Vues Éphémères – Avril 2015

de

Après un lancement un rien solennel lors du dernier Festival d’Angoulême, il faut reconnaître que l’on était resté sur sa faim du côté des Etats Généraux de la Bande Dessinée. Seule nouvelle des derniers mois, l’ouverture des « Cahiers de doléance » aux propositions… propositions encore à venir. Certes, nous étions prévenus — il s’agit là d’un projet s’inscrivant dans la durée, qui demandera un temps de réflexion, et pour lequel il faudra s’armer de patience avant de pouvoir en récolter les conclusions.
Mais d’ores et déjà, il est indéniable que l’initiative a fait bouger les lignes des discours triomphalistes auxquels la bande dessinée semblait être abonnée. Du Festival d’Angoulême au Salon du Livre (en passant par le Grand Palais et son cycle « bande dessinée »), Benoît Peeters s’est retrouvé sur tous les fronts, incarnant parfaitement la cause : posé, parlant bien, apportant une forme de gravitas, non pas syndicaliste revendicateur que l’on pourrait écarter d’un revers de main, mais proposant au contraire un visage des plus acceptables pour la bande dessinée — résolument plus littérature que petits miquets. Et d’asséner partout la même vérité : la bande dessinée, hier élève modèle de l’édition, se révèle en crise, ses quelques best-sellers désormais éclipsés par la masse de ses auteurs en détresse.
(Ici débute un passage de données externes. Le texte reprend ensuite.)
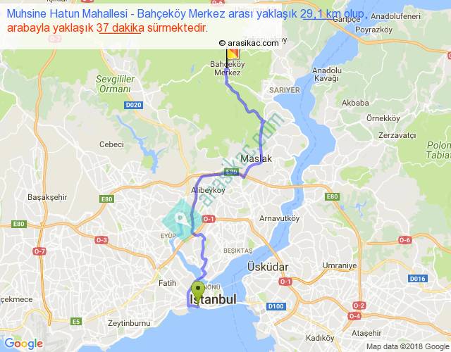 Muhsine Hatun Mahallesi - Bahçeköy Merkez arası yaklaşık olarak 90 km/h ile yukarıda belirtilen sürede olup, iki yerin kuş uçuşu uzaklığı (mesafesi) 20'dir. Yolculuk otobüsle 48 dakika sürmektedir.
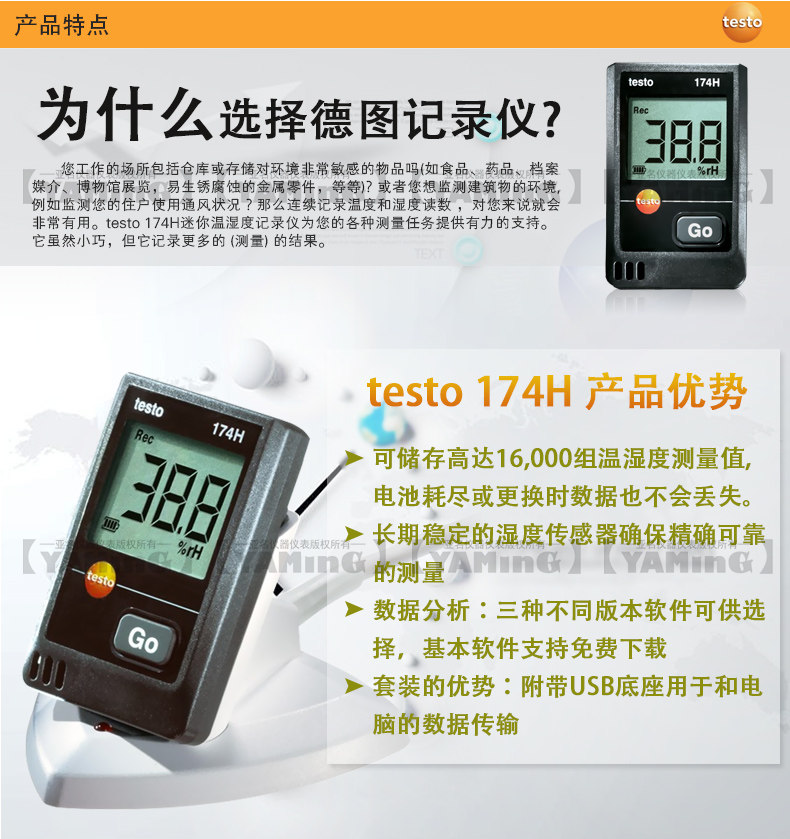 德国德图testo 174H温湿度记录仪食品药品冷库运输温湿度计高精度
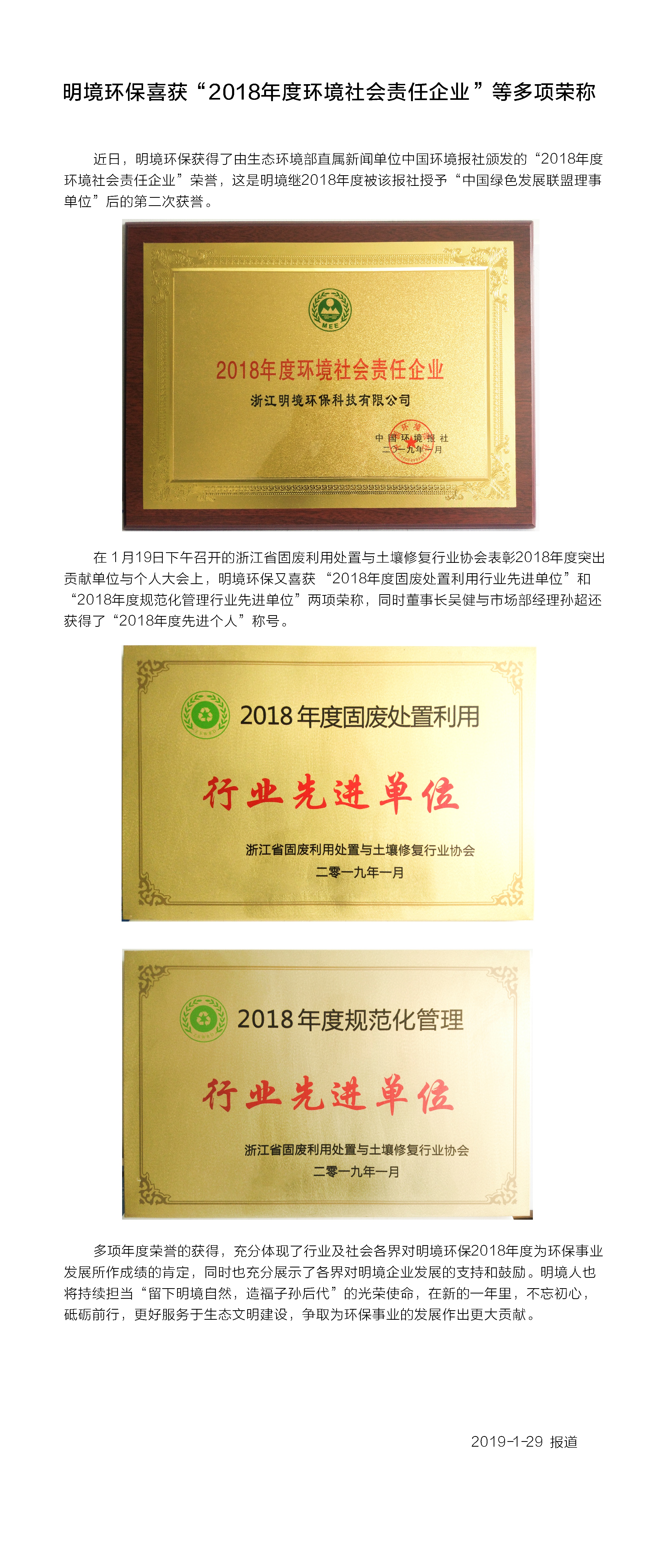 明境環保喜獲“2018年度環境社會責任企業”等多項榮稱

Coup de théâtre ou presque, les éditeurs viennent lui apporter leur soutien, et joignent leur voix à cette nouvelle petite musique. Alors qu’hier ils se voulaient rassurant sur leur propre activité (s’empressant de souligner combien l’enfer, ou tout du moins la surproduction, c’était les autres), les voici qui déclarent aussi que l’heure est grave, et affirmer s’associer aux auteurs dans cette démarche. Moment-clé de ce revirement, probablement la prise de conscience du dernier festival de Saint-Malo, et cette « grève des dédicaces » qui avait concrétisé, pour la première fois, la large portée du mouvement initié autour du SNAC-BD. Fait remarquable, Télérama s’en était fait le relais dans un article sans fard.
C’est d’ailleurs, il me semble, l’un des rares exemples de travail journalistique qui se soit véritablement engagé sur le sujet. Ailleurs, on constate plutôt une presse qui se contente d’être le passeur d’un discours sur la bande dessinée qu’elle ne semble plus capable de produire. Et de se contenter de faire du copier-coller sélectif dans le rapport de l’ACBD en guise d’analyse de marché (qu’il s’agisse du Figaro, de Libération et même Livres-Hebdo), ou d’aligner les citations et les extraits de discours quand il s’agit d’évoquer la marche des auteurs à Angoulême (à nouveau au Figaro, dans Le Monde ou du côté de Livres-Hebdo).
Etonnamment, ils se montrent autrement diserts lorsqu’il s’agit de s’enthousiasmer pour les records de ventes en salles d’enchères (comme ici Le Figaro ou là Le Monde, pour ne prendre que ces deux exemples). Comme si, habitués de longue date à ne communiquer que des bonnes nouvelles, ils retrouvaient là leur zone de confort, embrassant à nouveau le discours ronronnant de ces dernières années.

Ainsi, se révélant finalement bien plus « simples lecteurs » que véritables journalistes[1], les « spécialistes » montrent leurs limites face à une bande dessinée qui, non contente de s’être résolument installée dans l’âge adulte, n’hésite pas à faire état de préoccupations du même ordre et s’interroge sur son devenir et son évolution.

Notes

  1. Se rendant coupables de trop souvent donner dans le « discours amoureux » dénoncé par Bruno Lecigne il y a plus de trente ans.